Lei però non poteva obbedire. Guardò un’ultima volta Cristina negli occhi e, lasciandole la collana, cominciò a scappare.
Non tornava a Firenze da due anni e alcune strade erano cambiate. Decise di non provare ad arrampicarsi per paura di inciampare. Sapeva che il suo umore e le sue emozioni la stavano distraendo. Corse, ma non per molto. Presto si trovò in un posto davvero sconveniente: un vicolo cieco. Il muro era alto e senza appigli, perciò doveva combattere. Fortunatamente il gruppo nemico era formato solo da soldati semplici, gente in erba e con armi leggere. Sfoderò lo stiletto ed estrasse la lama celata, pronta a farli fuori tutti se necessario. Il primo provò ad attaccarla da sinistra con un fendente. Lei si abbassò e, girando su se stessa, gli procurò un grosso squarcio sulla pancia grazie al pugnale. Con tale mossa riuscì anche ad avvicinarsi a un suo compagno abbastanza da coglierlo di sorpresa e trapassargli il collo con la lama celata. Ne mancavano altri due. Quello più vicino pareva molto spaventato, mentre quello dietro era carico di adrenalina e voglia di attaccare. Flora prese una lieve rincorsa e si fece scivolare tra le gambe del primo. Ancora stesa a terra calciò nelle palle il secondo, che si piegò per il dolore. Ripose lo stiletto e, rialzandosi, prese la spada per poi privare la guardia della testa. Concluse puntando l’arma al petto dell’ultimo individuo.
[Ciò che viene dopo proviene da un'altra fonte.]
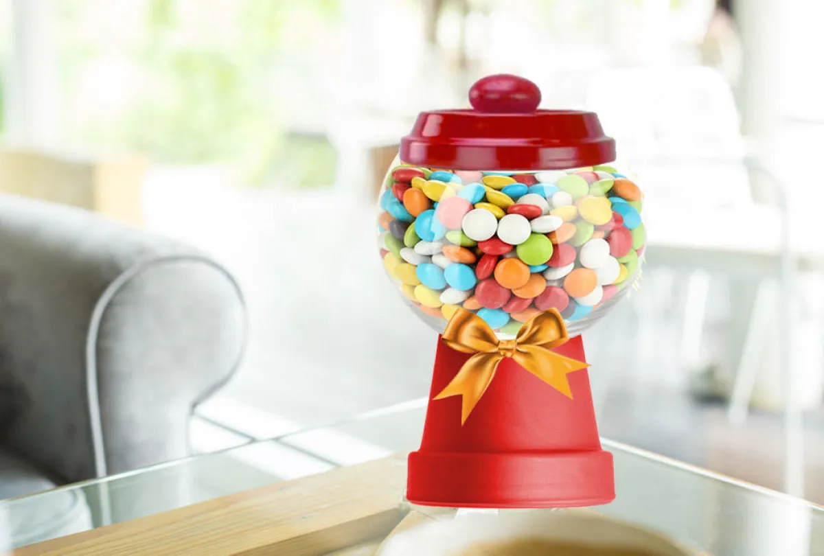 4. تُعبأ في داخل الوعاء، قطع الحلوى الملوّنة.

Il poveretto tremava davvero molto. Lasciò cadere la sua spada e si pisciò pure nelle braghe.
-Andate via e non provate a chiedere aiuto, intesi?-
Agitò velocemente la testa su e giù, pregandola con gli occhi. Lei lo lasciò andare, sapendo che con uno spavento del genere non avrebbe mai parlato.
Uscendo dal vicolo cieco, si accorse di essere vicino all’Arno. Non era nella zona del Ponte Vecchio, però. Il ponte che si trovò vicino era ancora in costruzione. Su di esso però c’era qualcuno. E quel qualcuno stava tenendo qualcun altro sospeso verso le acque del fiume. L’uomo in vantaggio lei lo conosceva bene. Non voleva interromperlo, però. Voleva vedere come andava a finire.
-Ezio…- sussurrò.
Si nascose di modo da vederlo ma da non farsi vedere. Il poveretto a rischio era il nuovo fidanzato di Cristina, Manfredo. Ezio l’aveva appena salvato dalle grinfie di un malfattore, ma non si fidava. Voleva sapere se amava davvero Cristina e se per lei avrebbe smesso di giocare d’azzardo. Impaurito quasi quanto il soldato che Flora aveva liberato poco prima, l’uomo fece cenno di si. Doveva averlo convinto, perché Ezio lo lasciò andare. Il volto di Flora si dipinse di gioia nel vedere che Ezio non era cambiato e non andava in giro a uccidere innocenti. Stava per alzarsi dal nascondiglio e corrergli incontro, quando qualcosa la fermò. Cristina Vespucci stava arrivando, preoccupata per il marito. Era diretta verso il ponte, quando Ezio la fermò portandola contro un muro. Anche se il cappuccio dell’assassino lo copriva, Flora capì subito cosa stava facendo. Stava baciando la ragazza e la stava baciando intensamente. Il bacio durò diversi secondi: durante i primi Cristina provò a liberarsi, per poi lasciarsi andare e acconsentire. Erano ormai abbastanza vicini perché Flora potesse sentire le loro parole.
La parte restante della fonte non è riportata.